** Required work **
Lines from the one containing "Een keep en" through the final line of the records below are needed, copied exactly, with no pictures.

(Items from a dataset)
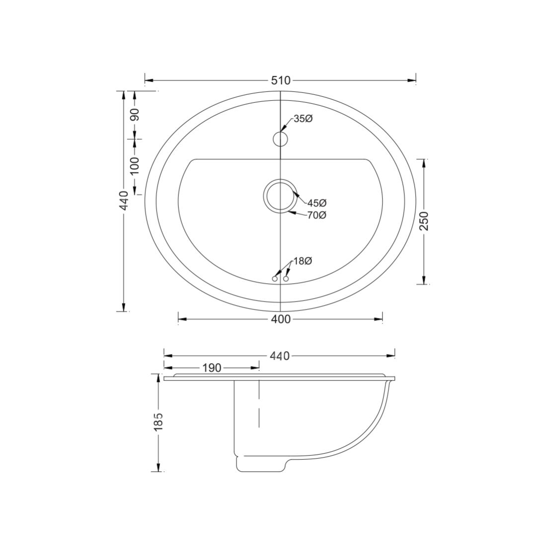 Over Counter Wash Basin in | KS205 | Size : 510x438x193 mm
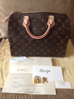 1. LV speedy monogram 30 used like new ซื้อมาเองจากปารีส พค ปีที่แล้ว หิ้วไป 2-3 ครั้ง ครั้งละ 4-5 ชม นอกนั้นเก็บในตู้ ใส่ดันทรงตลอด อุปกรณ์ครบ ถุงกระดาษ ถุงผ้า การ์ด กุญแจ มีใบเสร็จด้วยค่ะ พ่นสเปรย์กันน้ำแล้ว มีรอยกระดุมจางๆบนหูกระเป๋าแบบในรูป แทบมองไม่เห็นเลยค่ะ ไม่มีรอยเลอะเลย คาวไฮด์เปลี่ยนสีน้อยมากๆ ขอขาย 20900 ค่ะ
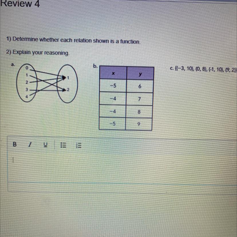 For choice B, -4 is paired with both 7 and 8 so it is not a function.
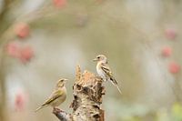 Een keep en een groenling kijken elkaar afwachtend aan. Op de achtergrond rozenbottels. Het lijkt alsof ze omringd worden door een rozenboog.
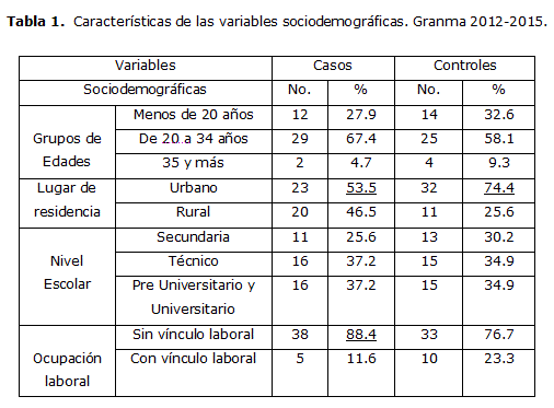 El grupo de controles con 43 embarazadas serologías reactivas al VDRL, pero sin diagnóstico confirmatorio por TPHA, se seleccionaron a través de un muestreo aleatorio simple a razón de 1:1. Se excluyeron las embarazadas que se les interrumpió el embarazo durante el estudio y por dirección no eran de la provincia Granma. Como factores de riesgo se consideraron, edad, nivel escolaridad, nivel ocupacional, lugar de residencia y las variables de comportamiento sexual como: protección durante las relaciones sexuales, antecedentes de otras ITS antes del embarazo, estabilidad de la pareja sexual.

** Answer box **
 Een keep en een groenling kijken elkaar afwachtend aan. Op de achtergrond rozenbottels. Het lijkt alsof ze omringd worden door een rozenboog.
 El grupo de controles con 43 embarazadas serologías reactivas al VDRL, pero sin diagnóstico confirmatorio por TPHA, se seleccionaron a través de un muestreo aleatorio simple a razón de 1:1. Se excluyeron las embarazadas que se les interrumpió el embarazo durante el estudio y por dirección no eran de la provincia Granma. Como factores de riesgo se consideraron, edad, nivel escolaridad, nivel ocupacional, lugar de residencia y las variables de comportamiento sexual como: protección durante las relaciones sexuales, antecedentes de otras ITS antes del embarazo, estabilidad de la pareja sexual.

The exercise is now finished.